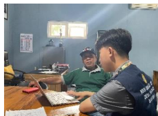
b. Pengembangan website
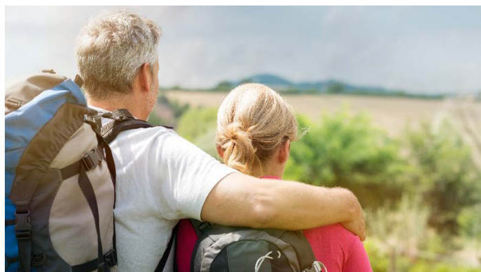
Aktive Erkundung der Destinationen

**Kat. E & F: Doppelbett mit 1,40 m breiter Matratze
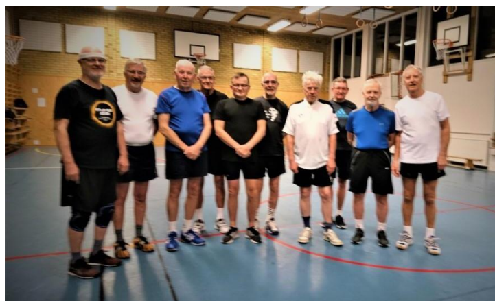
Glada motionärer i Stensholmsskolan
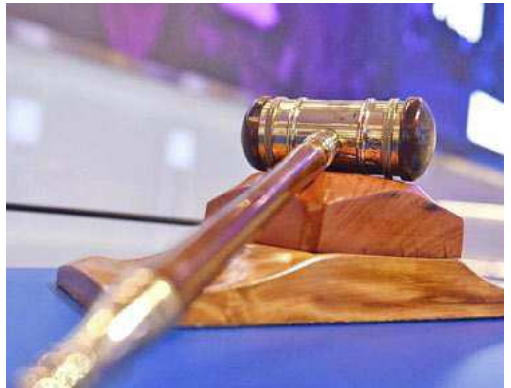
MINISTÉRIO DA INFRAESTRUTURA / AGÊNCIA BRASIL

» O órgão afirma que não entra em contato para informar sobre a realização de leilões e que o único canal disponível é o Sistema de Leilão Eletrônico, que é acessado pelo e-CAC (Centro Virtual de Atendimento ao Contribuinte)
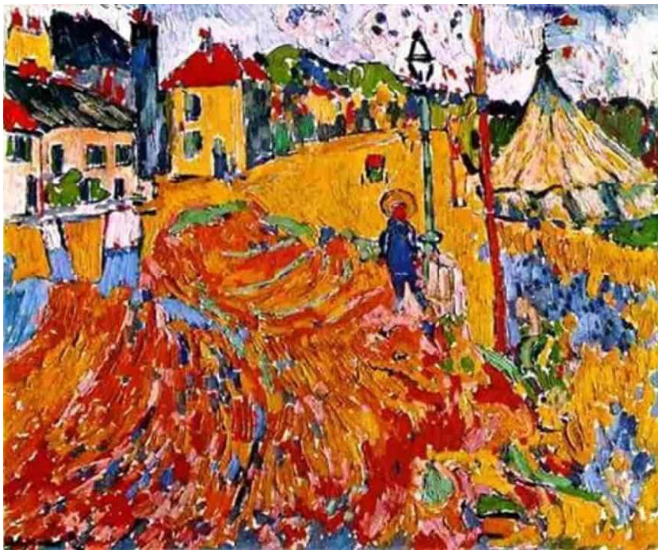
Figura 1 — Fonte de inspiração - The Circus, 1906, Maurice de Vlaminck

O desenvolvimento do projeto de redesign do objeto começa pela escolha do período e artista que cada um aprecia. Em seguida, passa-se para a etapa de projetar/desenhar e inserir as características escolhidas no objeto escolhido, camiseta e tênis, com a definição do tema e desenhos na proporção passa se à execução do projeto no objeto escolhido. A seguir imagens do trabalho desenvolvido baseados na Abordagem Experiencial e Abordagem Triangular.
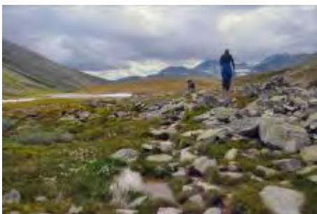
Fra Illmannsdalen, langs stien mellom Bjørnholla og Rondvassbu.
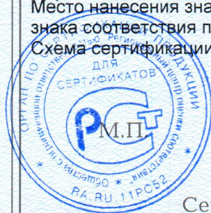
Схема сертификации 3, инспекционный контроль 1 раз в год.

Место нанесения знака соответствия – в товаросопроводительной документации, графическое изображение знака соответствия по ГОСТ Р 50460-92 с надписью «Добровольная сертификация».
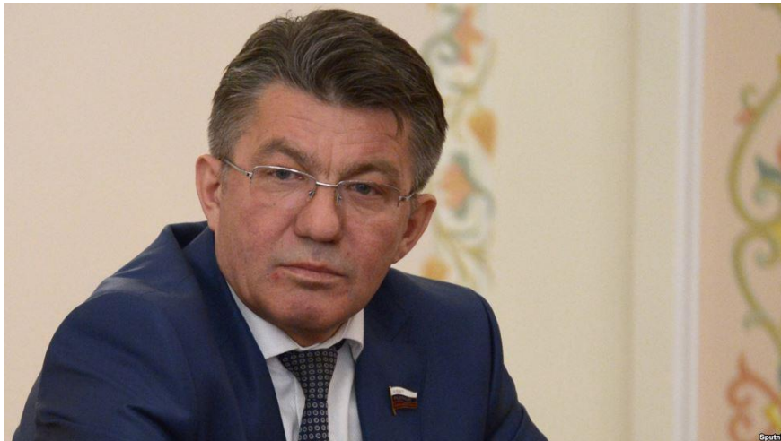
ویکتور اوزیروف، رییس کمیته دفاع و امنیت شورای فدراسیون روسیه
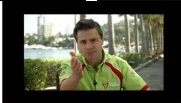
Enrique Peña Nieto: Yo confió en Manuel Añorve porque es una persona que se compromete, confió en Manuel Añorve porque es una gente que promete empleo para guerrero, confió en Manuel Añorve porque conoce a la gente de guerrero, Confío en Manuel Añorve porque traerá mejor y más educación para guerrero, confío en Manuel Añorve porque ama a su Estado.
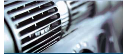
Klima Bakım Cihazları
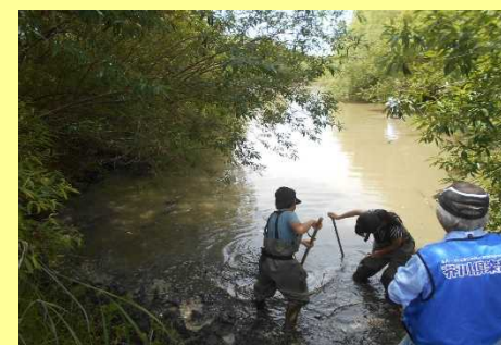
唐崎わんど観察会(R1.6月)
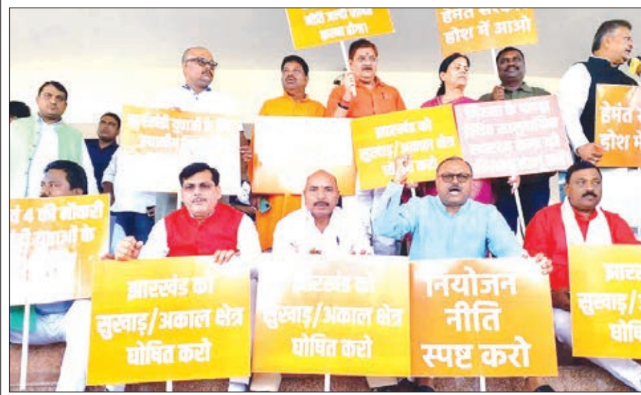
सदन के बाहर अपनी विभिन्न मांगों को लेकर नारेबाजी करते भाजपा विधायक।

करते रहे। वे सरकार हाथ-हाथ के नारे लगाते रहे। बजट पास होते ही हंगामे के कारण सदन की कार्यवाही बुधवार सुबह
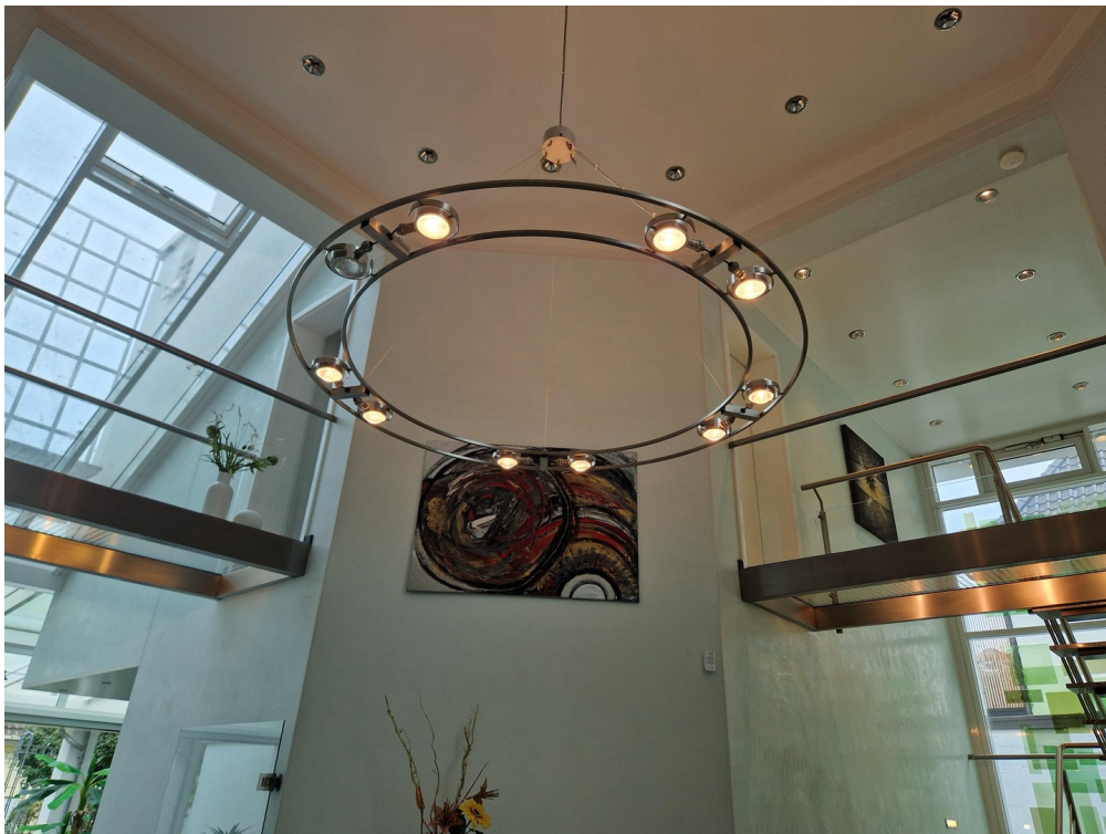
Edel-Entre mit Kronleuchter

### Exercise directions
From the material above, reproduce only what runs from the line holding "Схема сертификации 3, инспекционный" down to the line holding "ویکتور اوزیروف، رییس", both included, pictures excluded.

### Your solution
Схема сертификации 3, инспекционный контроль 1 раз в год.

Место нанесения знака соответствия – в товаросопроводительной документации, графическое изображение знака соответствия по ГОСТ Р 50460-92 с надписью «Добровольная сертификация».
ویکتور اوزیروف، رییس کمیته دفاع و امنیت شورای فدراسیون روسیه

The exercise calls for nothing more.